===== Input data =====

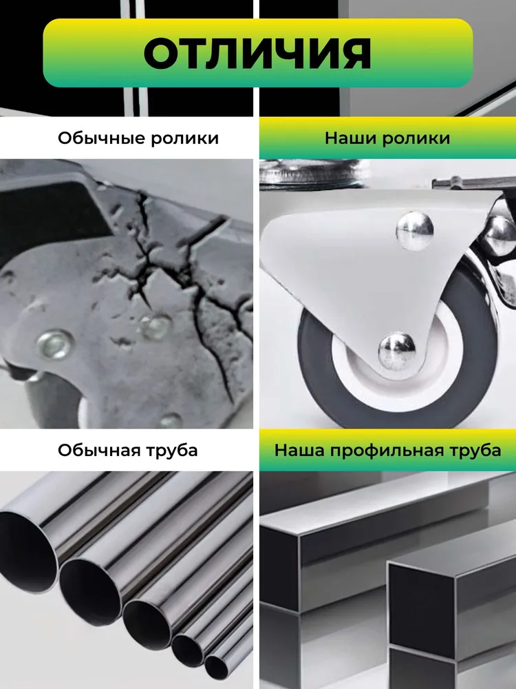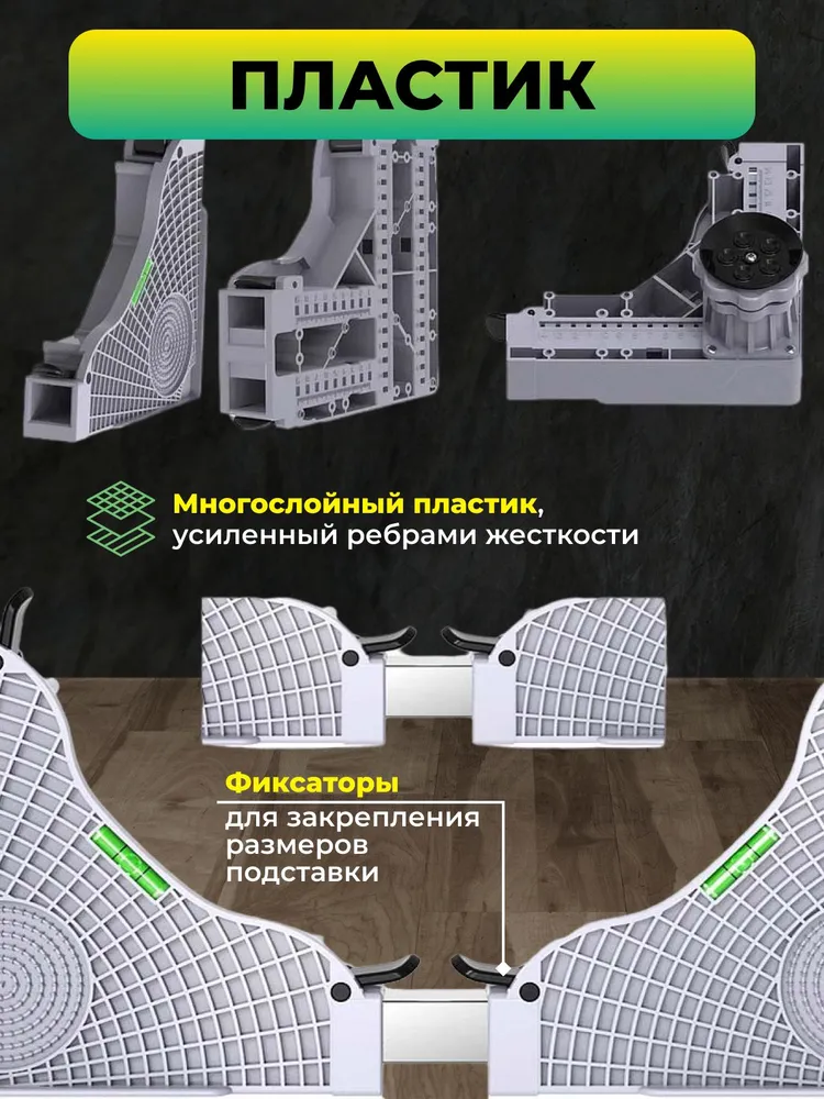 Прочная конструкция из металла и ударопрочного пластика выдерживает нагрузку до 200 кг, предотвращает скольжение и снижает вибрацию. Подставка регулируется по высоте и ширине, что позволяет адаптировать её под любую модель техники.
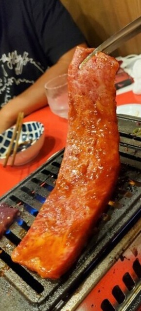 上カルビは焼くと脂身が溶けて薄くなるよう
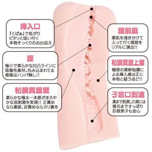 ねぇ、このおま○こ、すごく柔らかくてぬるぬるしてるんだよ!しかも突起や蛇腹がないから、ほんとうの女の子のお肌みたいに気持ちいいんだ。デリケートなところも優しく包んでくれるから、とっても気持ちいいんだよ。縦に隆起してるところもすごく刺激的!本当の感触に近いから、イヤらしい気分になるね!

=====

## Task requirements
When copying the material, leave every image behind and keep each line verbatim.

## Response to the exercise
 Прочная конструкция из металла и ударопрочного пластика выдерживает нагрузку до 200 кг, предотвращает скольжение и снижает вибрацию. Подставка регулируется по высоте и ширине, что позволяет адаптировать её под любую модель техники.
 上カルビは焼くと脂身が溶けて薄くなるよう
 ねぇ、このおま○こ、すごく柔らかくてぬるぬるしてるんだよ!しかも突起や蛇腹がないから、ほんとうの女の子のお肌みたいに気持ちいいんだ。デリケートなところも優しく包んでくれるから、とっても気持ちいいんだよ。縦に隆起してるところもすごく刺激的!本当の感触に近いから、イヤらしい気分になるね!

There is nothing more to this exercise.